BMERC benchmarks

This page describes the relative performance of many of the Unix machines currently installed at BMERC. The following table summarizes the results of four benchmarks on each machine, with gaps where software was unavailable (or my patience ran out). (It looks best in Netscape on most displays if the window is at least 700 or 725 pixels wide.) The machines are grouped by OS, and sorted in rough order from slowest to fastest. The benchmarks are described in more detail below the table.

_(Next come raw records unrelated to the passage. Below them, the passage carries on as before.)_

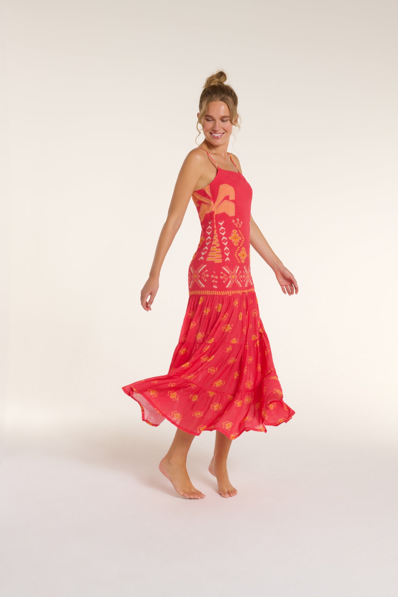 This tiered maxi silhouette is crafted from a breezy, lightweight fabric that moves beautifully from beach to dinner. Featuring our Colombian-inspired print in warm pink and golden tones, the Poppy blends statement-making style with all-day comfort. Delicate adjustable straps and a softly draped bodice lend a barely-there feel, while the voluminous skirt brings a romantic, flowy finish. Whether layered over swim or styled solo, the Poppy is your go-to for bold, relaxed resort dressing with a touch of heritage charm.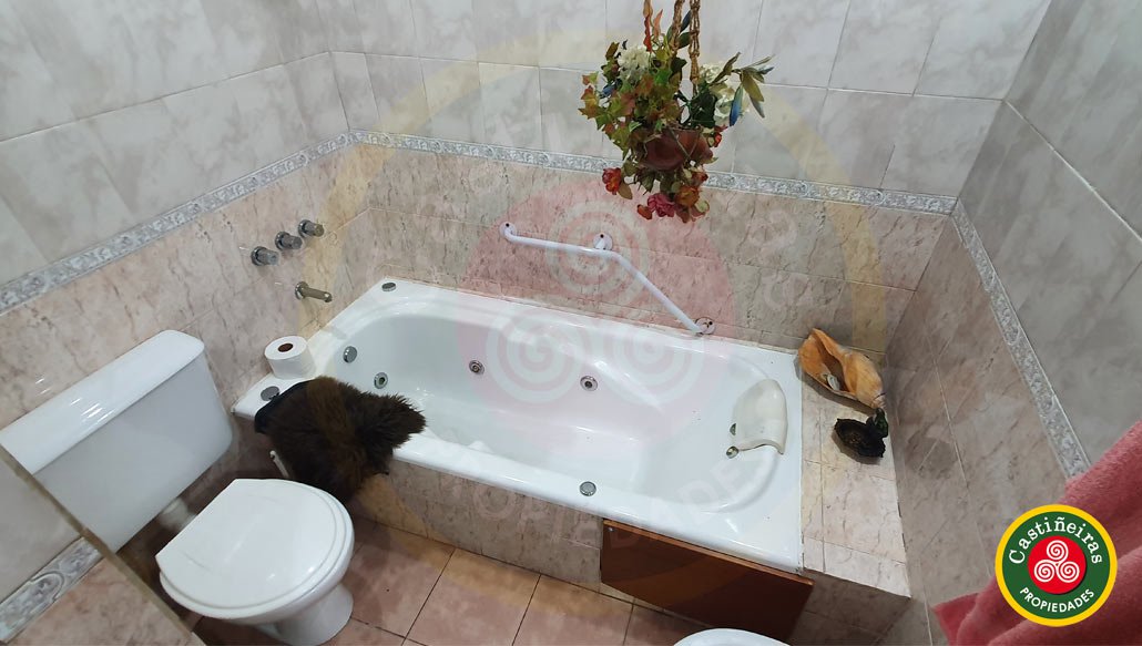 Baño general ( 1.94 x 2.37 ), con ducha, bañera con hidro masaje, inodoro, videt y mueble vanitory. Pisos y paredes revestidas con cerámico.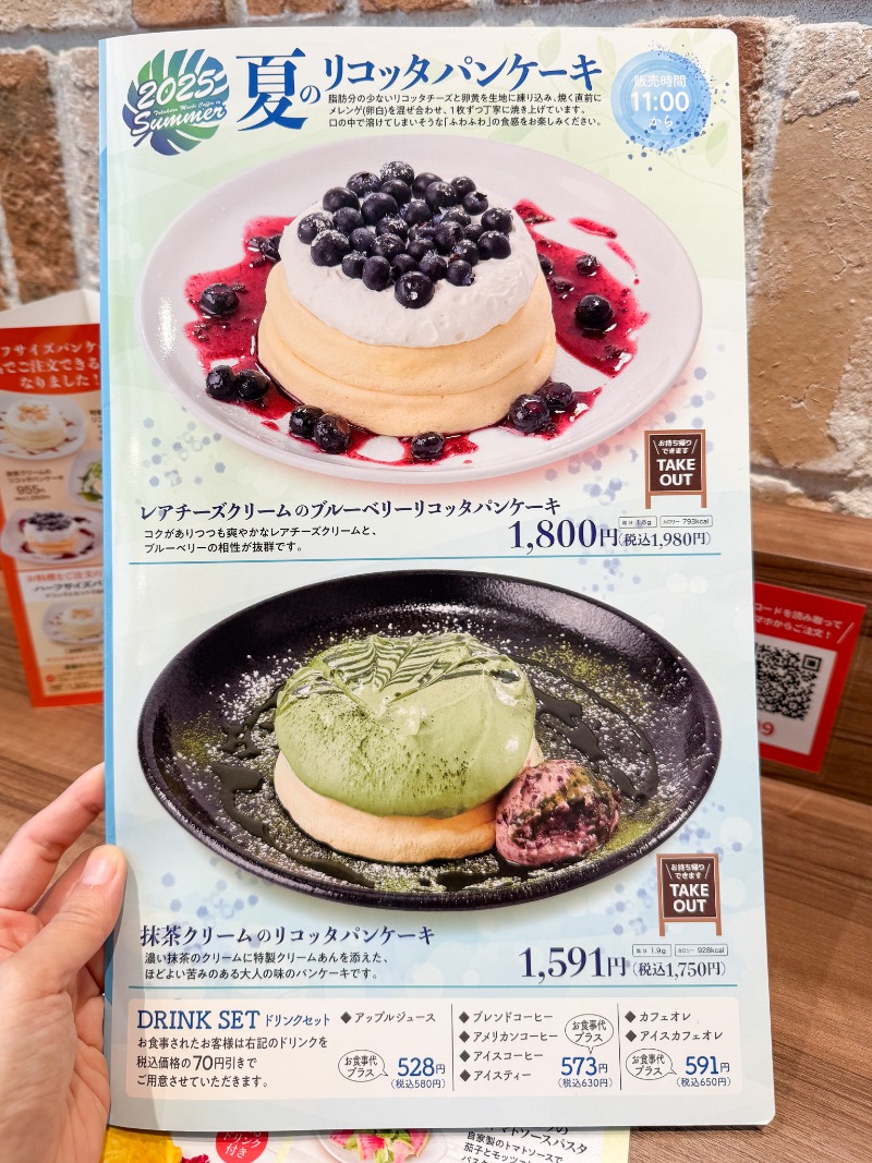 ドリンク付きのハーフサイズパンケーキを

Host name Host description Benchmark results
OS name Release CPU new-stat stat-test make-core 1bmt-cva
darcy ULTRIX 4.4 RISC 0.37 (77%) 0.74 (85%)    
darwin SunOS 4.1.3_U1 sun4c 0.70 (81%) 0.60 (90%)    
hodgkin SunOS 4.1.4 sun4m 1.1 (62%) 1.2 (86%)    
hinshelwood SunOS 4.1.4 sun4m 1.1 (62%) 1.1 (81%)    
dobzhansky SunOS 4.1.4 sun4m 0.90 (50%) 1.2 (85%) 0.99 (96%) 1.1 (99%)
gamow SunOS 4.1.4 sun4m 1.0 (55%) 1.0 (74%) 1.0 (97%) 1.0 (98%)
pauling SunOS 4.1.4 sun4m 1.1 (60%) 1.2 (86%) 1.0 (97%)  
monod SunOS 4.1.4 sun4m 1.2 (64%) 1.2 (85%)   1.1 (99%)
cyrus Solaris 5.6 sun4m 1.6 (70%) 1.9 (79%) 6.4 (90%) 2.0 (99%)
sewall Solaris 5.6 sun4m 1.6 (72%) 2.0 (78%) 6.0 (84%) 2.1 (99%)
mcclintock Solaris 5.6 sun4m 2.3 (63%) 2.9 (72%) 11 (91%) 2.8 (99%)
feynman Solaris 5.6 sun4u 5.8 (33%) 6.2 (41%)   11 (98%)
mbcrrc Solaris 5.7 sun4u 5.8 (35%) 6.6 (46%) 28 (68%) 9.7 (99%)
delbrueck Solaris 5.6 sun4u 9.1 (51%) 12 (72%) 35 (83%) 11 (98%)
jrsadler OSF1 V4.0 alpha 0.25 (91%) 0.85 (85%) 6.4 (90%) 1.9 (99%)
dayhoff OSF1 V4.0 alpha 1.6 (58%) 2.5 (74%) 3.5 (90%) 3.7 (99%)
huxley OSF1 V4.0 alpha 4.6 (34%) 6.9 (46%) 29 (64%) 16 (98%)
miescher OSF1 V4.0 alpha 3.4 (15%) 8.9 (30%)   27 (98%)
vavilov OSF1 V4.0 alpha 3.4 (14%) 8.9 (29%)   27 (99%)
amdk6 Linux 2.2.5-15 i586 6.4 (77.0%)     6.2 (97%)
sigler Linux 2.2.16-22 i686 4.1 (12.5%) 8.9 (14.9%) 15 (24.6%) 35 (97.8%)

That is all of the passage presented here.